Выбрать главу

— А Михаилу Едовина — топором…

— Федька-Пестерь Михайлу-то! Короткие и Федька — одна была шайка-лейка. Свобода нам, творят, на что, коли бар нету. В Рассее, говорят, поместья мужики чистят, добра-то гребут. Нам-то и поживиться нечем, за что царя скинули, коли так? Пошли в Совет. Нечего жечь, так и Совет сойдет! Революционеры, во, они за полную волю!

Между берегами сновала лодка перевозчика. На тот берег пустая, на наш — парни и девки, смех, песни. Праздник, что ли?

— Не-а, рекруты! — кричали ребятишки.

— Который день отвальную пьют.

— Пива наварено — залейся.

— Поп глаголит: вкушайте, миряне. Не с кем воевать, раз между Советами и немцами замиренье!

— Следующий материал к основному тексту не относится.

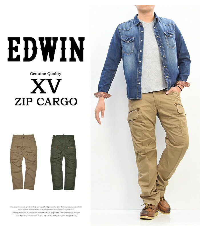 EDWIN(エドウィン) XY-ZIP 2WAY CARGO PANTS 程よい伸縮性、厚さのカラーストレッチ素材で仕上げた 使いやすいカーゴパンツが登場しました。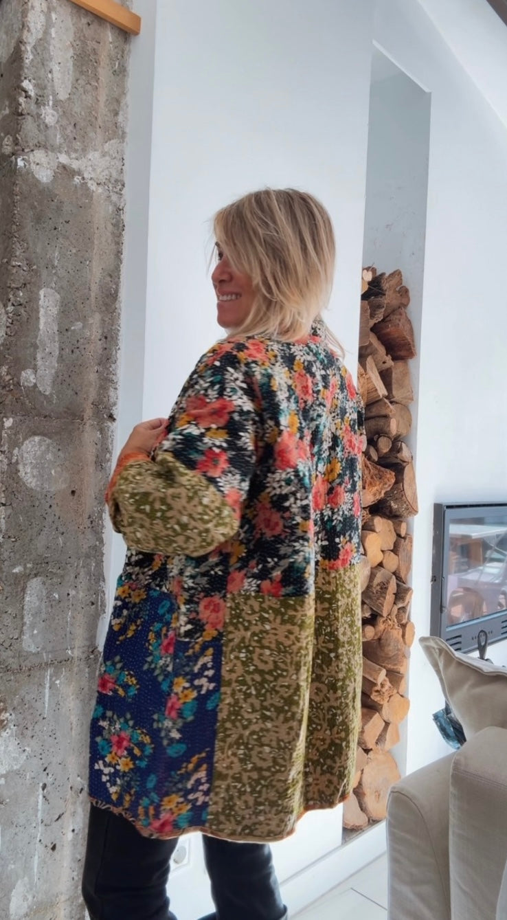 Chaqueta reversible estampada. Bolsillos frontales. 100% Algodón.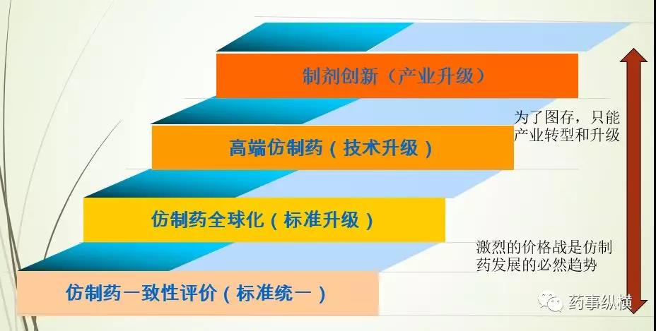 为了甩开竞争,我们必须要进行产业链升级。优化生产工艺和改良生产设备可以节约生产成本,在价格战中获得优势地位,但这只是量变,是局部的。要想完全甩开竞争对手,我们必须做到标准升级、技术升级和产业升级。简单而言,一致性评价可视为一个统一标准的过程,让大家的仿制药产品具有对等性,而仿制药全球化可视为一个标准的升级过程,将中国的标准升级到世界标准,让全世界认可中国的仿制药。尽管如此,标准统一和标准升级尚不足以让一个企业脱颖而出,因为以后仿制药的利润会因价格战而降得很低,要想高利润,我们必须要技术升级,做高端仿制药,比如缓控释制剂,靶向制剂、吸入制剂等等。随着技术的升级,我们需要建立完善技术平台和生产线,能够自主设计和开发创新制剂,最终形成企业的特色,这就是所谓的产业升级。

Клевало, я отвлекся, и, сорвавшись с крючка, сверкнул в воду елец.

— Ужо поглаголю вам, — зашипел я. — Брысь, не то насую крапивы в портки!

Уехал на тот берег капитан. Сразу стих стук топоров, удары молота. Механик ругался с мостика — его не слушали. С матросами я увидел Петруху. Петруху с Хабарки, подручного дяди Васи. Вот так…

Побросали все, до работы ли матросне: о пиве пронюхали. Дружно повалили в деревню.

Рядом с поплавком булькнул камушек. Как? Сорванцы еще тут? Ну, держитесь, миряне, ноги в цыпках!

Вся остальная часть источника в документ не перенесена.